In a joint statement US President Obama, European Council President Herman Van Rompuy and European Commission President José Manuel Barroso announced that both trading blocs will initiate the internal procedures necessary to launch negotiations.
Prime Minister David Cameron welcomed the US President’s determination to begin negotiations and hailed the commitment in the EU and the US to reach an agreement. In a statement he affirmed that “an EU-US trade deal will create jobs on both sides of the Atlantic and make our countries more prosperous”.
The importance of such a deal can not be emphasised enough. Together the EU and the US account for about half of world GDP (47%) and about a third of global trade flows. The EU economy is worth €12.6 trillion and the US economy €11.5 trillion (by comparison China’s is worth €5.5 trillion and Japan’s €2.7 trillion) Each day goods and services of almost €2 billion are traded bilaterally. With deep economic ties between the two economic blocs, with aggregate stocks in excess of €2 trillion, the relationship between both the EU and the US is of global significance and any trade agreement between the two is likely to have global ramifications – not least when you consider the likely affect of aligning rules and technical product standards, which anyone who will want to do business with this transatlantic “economic NATO” will have to abide by.
A 0.5% increase in GDP in the EU, the equivalent of €86 billion in annual income to the European economy is the much sought after gain this agreement promises to deliver. Prime Minister David Cameron speaking recently at the Davos summit suggested that the agreement has the potential to create an additional two million jobs across the European Union.
The agreement will focus on market access, regulatory issues and non-tariff barriers as well as rules, principals and more generally on global themes likely to have far reaching influence on the global trading system such as a closer alignment on intellectual property protection and enforcement mechanisms.

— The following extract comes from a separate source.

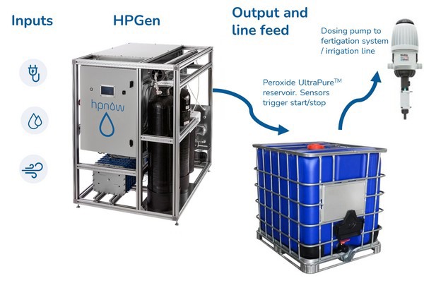 Huelva is een belangrijke landbouwregio in Spanje. Droge grond en een warm klimaat, gecombineerd met gebruik van organische meststoffen, kunnen echter een uitdaging vormen voor telers. Een teeltbedrijf voor blauwe bessen van 24 hectare in Huelva, dat deel uitmaakt van een organisatie die biologisch zachtfruit van hoge kwaliteit produceert, vroeg HPNow om hulp. Het resulteerde in de installatie van HPGen techniek, waarmee de teler nu zelf waterstofperoxide produceert.

The removal of restrictive barriers is the central goal of the agreement. Improvements in services, investment and public procurement also form the basis of the desired outcomes of the trade deal.
Both sides have also highlighted the need for reform of the less obvious but no less costly barriers to trade, the differences between the two markets in areas of compliance and safety. The reduction of these aptly named “behind the border” obstacles, whilst maintaining consumer confidence in health, safety and environmental protection, will prove the most challenging, but also potentially the most rewarding element of the agreement.
As if the prospect of this trade deal was not enough to remind us how significant being a member of the EU can be in trade terms, a recent Defra report came to underline how important for British exports our membership of the EU is. The report highlighted that the UK exports more food to Belgium than to Brazil,Russia, India, China and Mexico put together. In fact the UK exports the most, by a significant margin, food to Ireland (£2,692m), followed by France (£1,925m), the US (£1,239m), Germany (£1,032m) and Spain (£963m). The food industry, worth £85 billion to the UK economy and employing 3.5 million people, has much to lose from a British exit from the EU – not least from the restoration of preventative trade barriers with its leading export sources, but potentially denying the UK the opportunity to utilise the EU-US trade agreement to bolster its exports to the US.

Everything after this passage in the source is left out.